Case Report | Open Access
Masaya Iwamuro, Haruo Urata, Sakiko Hiraoka, Masayasu Ohmori, Yoshitaka Kondo, Yoshiro Kawahara, Hiroyuki Okada, "A Calcium Enterolith in a Patient with Crohn’s Disease and Its In Vitro Dissolubility in Citric Acid", Case Reports in Gastrointestinal Medicine, vol. 2017, Article ID 2951547, 6 pages, 2017. https://doi.org/10.1155/2017/2951547
A Calcium Enterolith in a Patient with Crohn’s Disease and Its In Vitro Dissolubility in Citric Acid
The microstructure and dissolubility of a calcified enterolith and enterolith pieces removed from a 26-year-old Japanese woman with Crohn’s disease were analyzed using scanning electron microscopy and energy dispersive X-ray spectroscopy. The enterolith showed a multilayered structure with fatty acid calcium and magnesium phosphate. The amount of calcium, magnesium, and phosphate decreased after they were immersed in a citric acid solution, suggesting a potential contribution of acidic aqueous solution to elute inorganic substances contained in calcified enteroliths. This is the first study to investigate the in vitro dissolubility of calcified enteroliths induced by citric acid solution.
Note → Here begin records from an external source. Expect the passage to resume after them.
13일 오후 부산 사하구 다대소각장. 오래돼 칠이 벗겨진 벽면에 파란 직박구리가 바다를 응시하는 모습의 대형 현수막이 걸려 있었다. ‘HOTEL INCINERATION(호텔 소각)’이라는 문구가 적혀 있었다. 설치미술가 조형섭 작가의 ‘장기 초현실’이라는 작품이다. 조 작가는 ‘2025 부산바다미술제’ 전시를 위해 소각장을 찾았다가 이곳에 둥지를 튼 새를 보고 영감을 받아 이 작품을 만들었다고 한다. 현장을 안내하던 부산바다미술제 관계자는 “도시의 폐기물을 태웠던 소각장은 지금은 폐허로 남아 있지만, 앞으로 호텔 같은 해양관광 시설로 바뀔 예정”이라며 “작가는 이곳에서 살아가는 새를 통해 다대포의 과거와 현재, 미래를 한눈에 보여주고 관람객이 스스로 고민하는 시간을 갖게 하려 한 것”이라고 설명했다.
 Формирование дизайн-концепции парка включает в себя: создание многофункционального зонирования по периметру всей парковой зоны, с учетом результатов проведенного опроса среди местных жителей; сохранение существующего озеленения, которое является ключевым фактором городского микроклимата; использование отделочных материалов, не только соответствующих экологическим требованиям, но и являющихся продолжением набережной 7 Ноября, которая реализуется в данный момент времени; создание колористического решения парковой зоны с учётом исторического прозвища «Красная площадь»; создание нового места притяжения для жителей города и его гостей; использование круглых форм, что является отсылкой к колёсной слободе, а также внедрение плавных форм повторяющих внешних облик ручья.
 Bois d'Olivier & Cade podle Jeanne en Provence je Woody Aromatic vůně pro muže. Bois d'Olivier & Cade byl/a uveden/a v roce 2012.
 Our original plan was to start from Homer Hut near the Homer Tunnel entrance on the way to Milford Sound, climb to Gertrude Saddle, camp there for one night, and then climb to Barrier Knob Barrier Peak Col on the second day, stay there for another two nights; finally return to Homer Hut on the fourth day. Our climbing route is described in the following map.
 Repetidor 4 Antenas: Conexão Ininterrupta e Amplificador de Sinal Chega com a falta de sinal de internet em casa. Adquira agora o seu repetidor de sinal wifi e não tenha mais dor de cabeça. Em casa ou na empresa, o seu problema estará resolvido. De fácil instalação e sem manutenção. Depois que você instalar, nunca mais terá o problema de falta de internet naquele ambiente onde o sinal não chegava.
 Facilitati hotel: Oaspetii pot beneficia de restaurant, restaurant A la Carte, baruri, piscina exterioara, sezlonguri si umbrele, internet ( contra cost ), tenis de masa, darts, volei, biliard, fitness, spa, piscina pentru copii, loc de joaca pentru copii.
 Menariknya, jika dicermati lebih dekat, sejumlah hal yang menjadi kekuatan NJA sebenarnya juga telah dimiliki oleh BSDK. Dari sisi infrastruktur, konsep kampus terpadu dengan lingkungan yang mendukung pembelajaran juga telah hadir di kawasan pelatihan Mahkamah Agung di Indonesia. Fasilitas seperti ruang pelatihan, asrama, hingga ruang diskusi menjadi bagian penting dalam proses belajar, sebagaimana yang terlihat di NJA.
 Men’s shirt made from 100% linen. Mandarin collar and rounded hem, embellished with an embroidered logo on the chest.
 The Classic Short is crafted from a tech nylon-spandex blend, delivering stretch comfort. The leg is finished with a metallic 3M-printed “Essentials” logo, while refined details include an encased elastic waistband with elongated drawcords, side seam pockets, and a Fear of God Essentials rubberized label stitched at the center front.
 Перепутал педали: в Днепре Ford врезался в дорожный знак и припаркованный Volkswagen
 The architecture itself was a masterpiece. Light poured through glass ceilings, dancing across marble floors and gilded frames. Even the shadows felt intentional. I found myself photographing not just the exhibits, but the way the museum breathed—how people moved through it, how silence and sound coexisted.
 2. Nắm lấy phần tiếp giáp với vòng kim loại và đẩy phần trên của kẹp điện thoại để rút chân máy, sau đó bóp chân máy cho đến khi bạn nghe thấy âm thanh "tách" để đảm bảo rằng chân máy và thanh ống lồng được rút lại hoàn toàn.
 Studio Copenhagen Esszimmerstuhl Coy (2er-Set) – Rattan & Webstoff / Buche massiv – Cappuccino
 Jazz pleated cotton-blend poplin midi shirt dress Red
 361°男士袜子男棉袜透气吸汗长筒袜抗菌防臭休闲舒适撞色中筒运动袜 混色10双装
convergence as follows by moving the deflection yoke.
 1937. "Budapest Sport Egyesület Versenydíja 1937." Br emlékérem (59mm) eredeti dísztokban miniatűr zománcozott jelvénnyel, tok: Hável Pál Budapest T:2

An enterolith is a mass found in the small or large intestine. False enteroliths are formed from indigestible substances trapped in the intestinal tract such as bezoars, gallstones, or foreign objects, whereas true enteroliths are formed from the precipitation of enteric contents [1, 2]. Formation of true enteroliths is generally caused by bowel stasis due to strictures or diverticula, followed by precipitation of inorganic substances or bile acids. Such precipitation of materials contained in intestinal juice is thought to be facilitated by an acid-base imbalance and bacterial overgrowth [3–8]. Most cases with enteroliths were asymptomatic and did not require specific treatment. In symptomatic cases with impacted enteroliths causing ileus or inflammation, endoscopic treatment such as dilation for the stricture of the bowel and fragmentation will be attempted in some cases . If the enterolith is inaccessible via endoscopy devices or refractory for endoscopic treatment, surgical treatment is generally inevitable since enteroliths are unresponsive to medical treatment and successful chemical dissolution of enteroliths has never been reported.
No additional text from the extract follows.